Это можно перевести прозой:

"Что, если прежняя Любовь вернётся и соединит медным ярмом разлученных,
если отряхнётся златокудрая Хлоя и распахнет двери для отвергнутой Лидии?"

Если меня не обманывает память, именно эта строфа и особенно одно слово в её последнем стихе определили расположение рифм в версии, которую я пытался создать много лет назад, — «Consule Planco». Этот стих, казалось, неизбежно приводил к

 «И открой для Лидии _дверь_».

 Потребовалось всего мгновение, чтобы обнаружить в первом стихе строфы возможное рифмующееся слово. Слог _re_ в слове _redit_ дал _more_, не самую подходящую рифму к _door_, но всё же достаточную, как это бывает с переводчиками-любителями, и с, возможно, простительной тавтологией я написал

 «Что, если прежняя любовь снова
 Вернётся?»

 Две другие рифмы были найдены без особого труда в словах _di_ в
_diductos_ и _excutitur_, которые навели на мысль о словах _wide_ и _cast aside_,
и вся строфа, если не принимать во внимание строго метрические соображения,
выглядела, или, скорее, могла бы выглядеть, поскольку я немного изменил её,
следующим образом:

 «Что, если прежняя любовь снова
 Вернись и соедини возлюбленных, чьи пути разошлись,
 Если златокудрую Хлою отвергли,
 И для Лидии открыты двери?

 Эта строфа, казалось, была почти дословной.
поскольку в ней не хватало только двух эпитетов, и я подумал, что в ней нет непростительных
ошибок в ритме и дикции. Поэтому я взял её за образец и без особого труда
перевёл всю оду — с каким успехом, я не скажу, и другим незачем спрашивать.
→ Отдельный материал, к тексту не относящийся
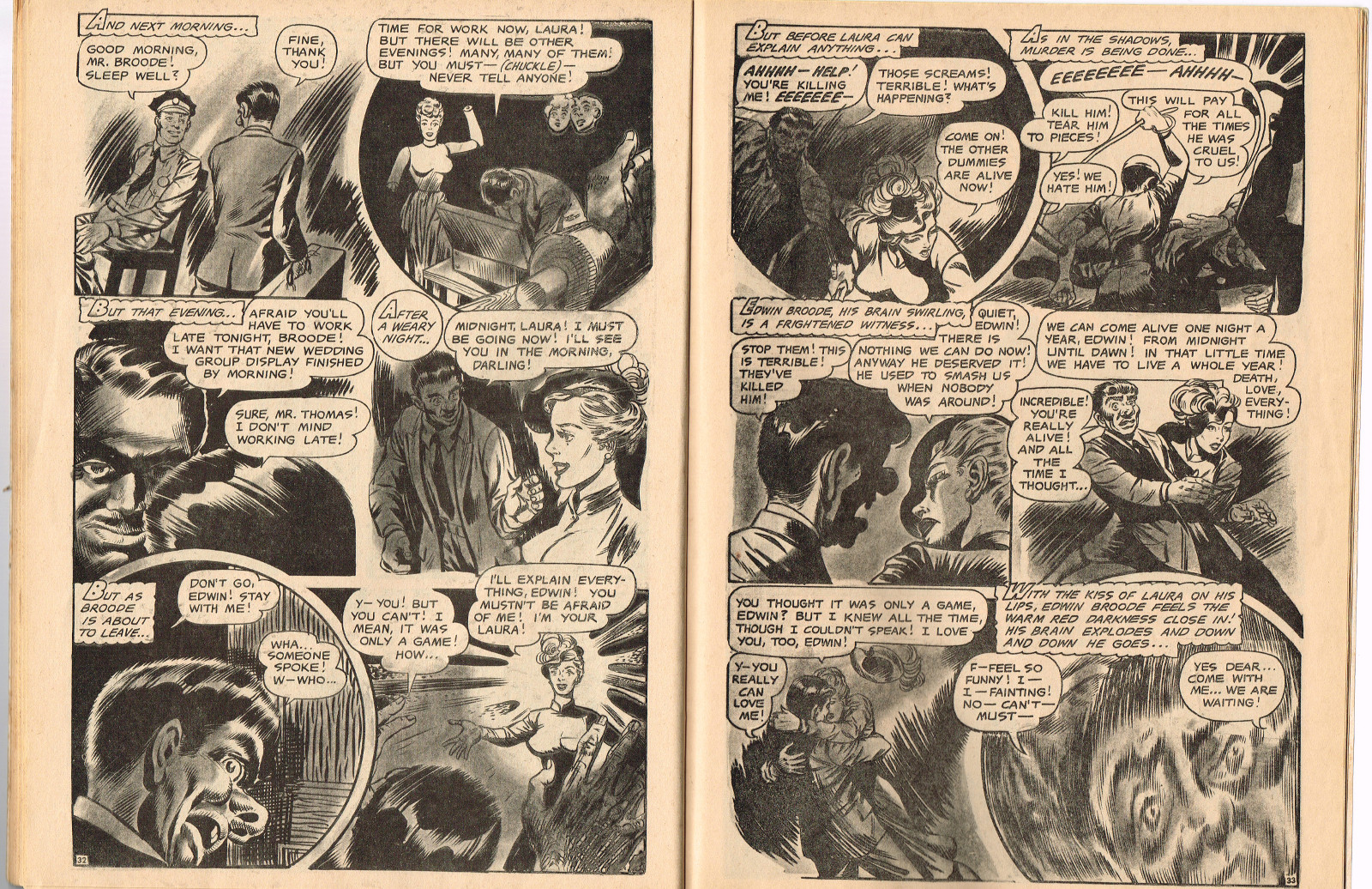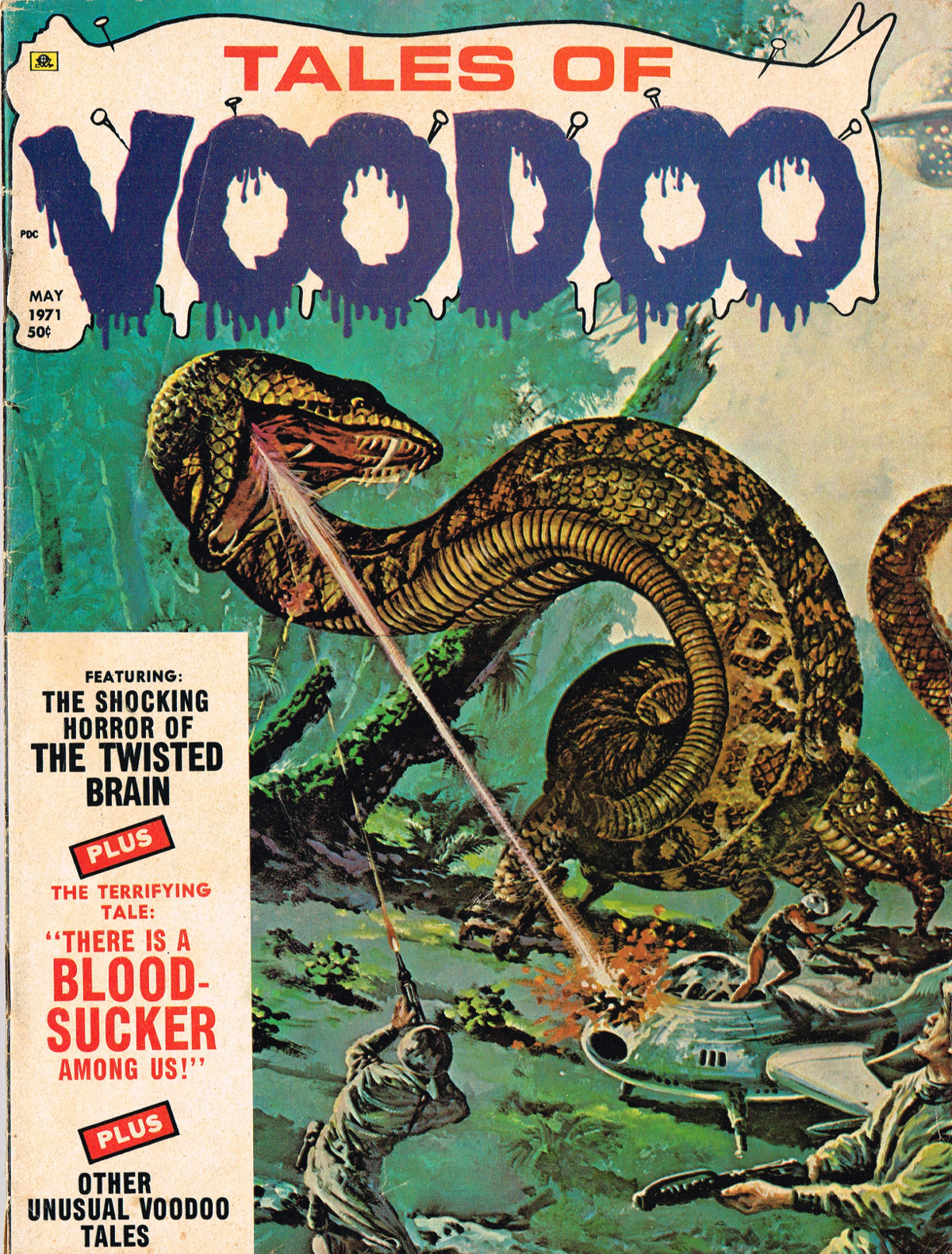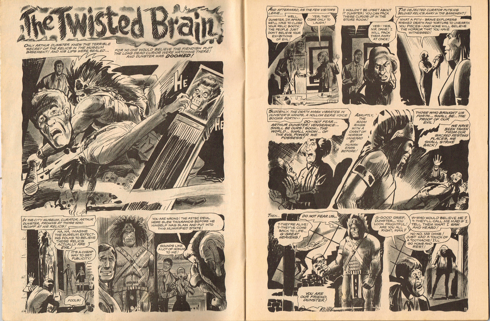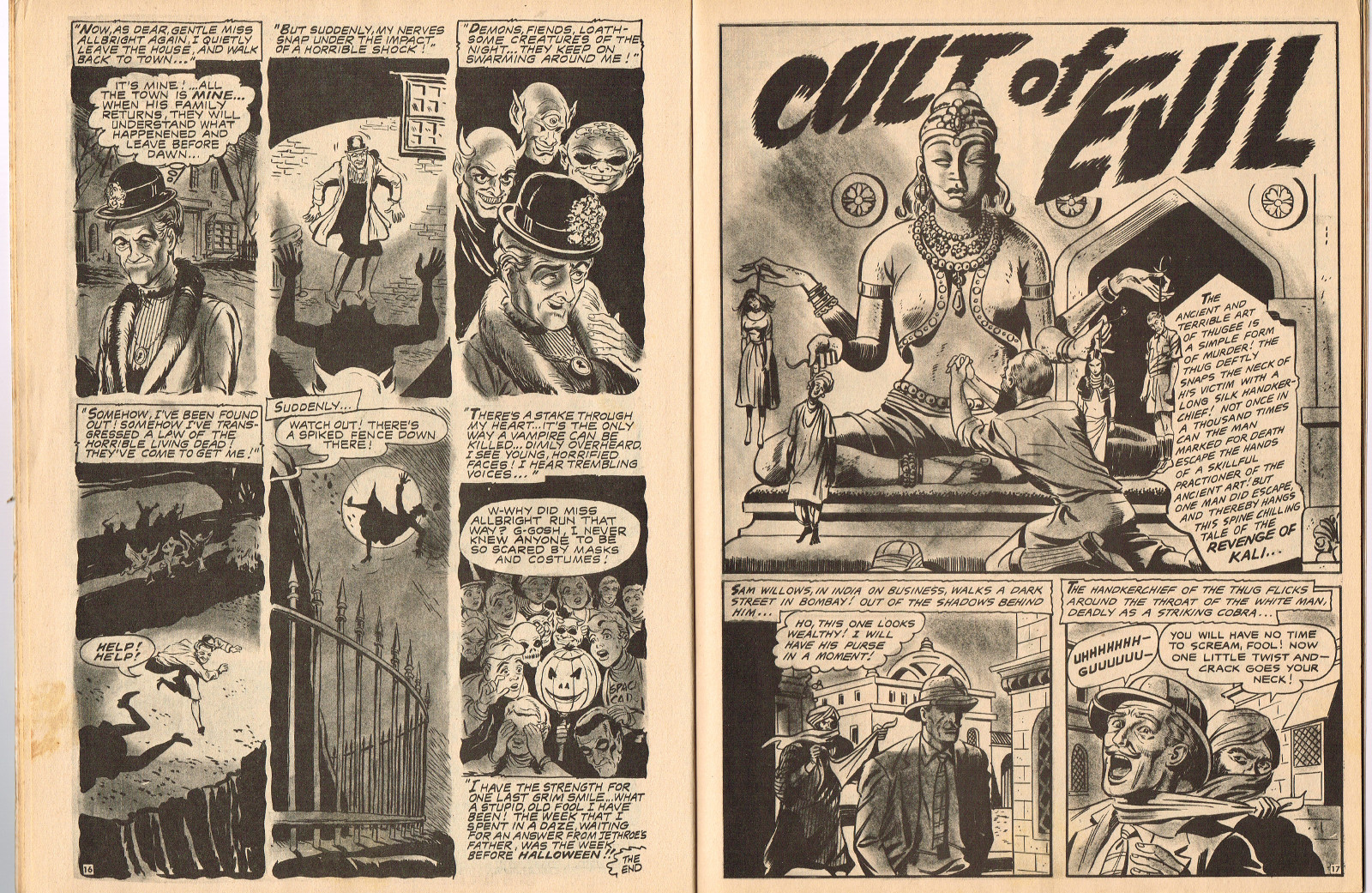 In this creepy and terrifying issue 3, volume 4, of Tales of Voodoo, there's a head filled with vengeance, a little boy with a vampire daddy (some similarity here to the vampire story in Dr. Terror's House of Horrors), and the Cult of Kali has everyone choked up with horror. There's also a ghost in the wet swamp and smartly dressed dummies come to life. To kill! And soon you'll learn that no one laughs at Chun, the snake charmer, when he says "You stabbed a dummy, Joe! A dummy–like yourself!"

То, что рифмы и их расположение в строфе часто определяются для
переводчика оригиналом или прозаическим переводом этого
оригинала, также, по-видимому, подтверждается следующей версией заключительной
оды первой книги (Carm. xxxviii) — изящной «Персикос оди»:

 «Я ненавижу твои персидские наряды, мальчик».
 Твои венки из липы раздражают,
 Перестань искать место, где бьётся
  Запоздалая роза.

 «К простому миртлу ничего не добавляй;
  Миртл не к лицу, мой мальчик,
  Ни тебе, ни мне, когда я пью вино
 Под густой виноградной лозой».

Здесь «puer», «мальчик», и «Displicent», «раздражать», по-видимому,
определяют не только первую рифму, но и расположение рифм (a, a),
и достаточно взглянуть на конец первой строфы оригинала, чтобы
понять, что другое слово, рифмующееся с «мальчиком», найти будет
трудно. Следовательно, если мы хотим получить четверостишие, то
Четвёртый куплет, вероятно, должен рифмоваться (b, b), и это не так уж
трудно сделать, или же можно придать второй строфе форму первой. Увы! Действительно, у Горация нет эквивалента слову
«удары», «Sedulus curo» был бесцеремонно отброшен, поэт не упоминает
«вино» как напиток, который он любил пить в своей деревенской беседке.
Но «роза», о которой упоминает Гораций, определённо «расцветает» или «цветёт»
очень часто в английских стихах; не будет преувеличением сказать, что «ничего»
«add» и «lad» из «nihil allabores» и «ministrum»; и «vine»
 («vite») . «Вино» пришло на ум многим поколениям поэтов. Но именно
рифмы и их влияние на выбор строфической формы
послужили причиной этого мягкого протеста против предписаний профессора Конингтона
о строгом соблюдении строфической формы. Из приведённых выше и многих других примеров я убедился не только в том, что при использовании рифмы не обязательно настаивать на единообразии строфы, но и в том, что переводчики должны искать более тщательно, чем они это делают.
В стольких горацианских строфах заложены рифменные подсказки.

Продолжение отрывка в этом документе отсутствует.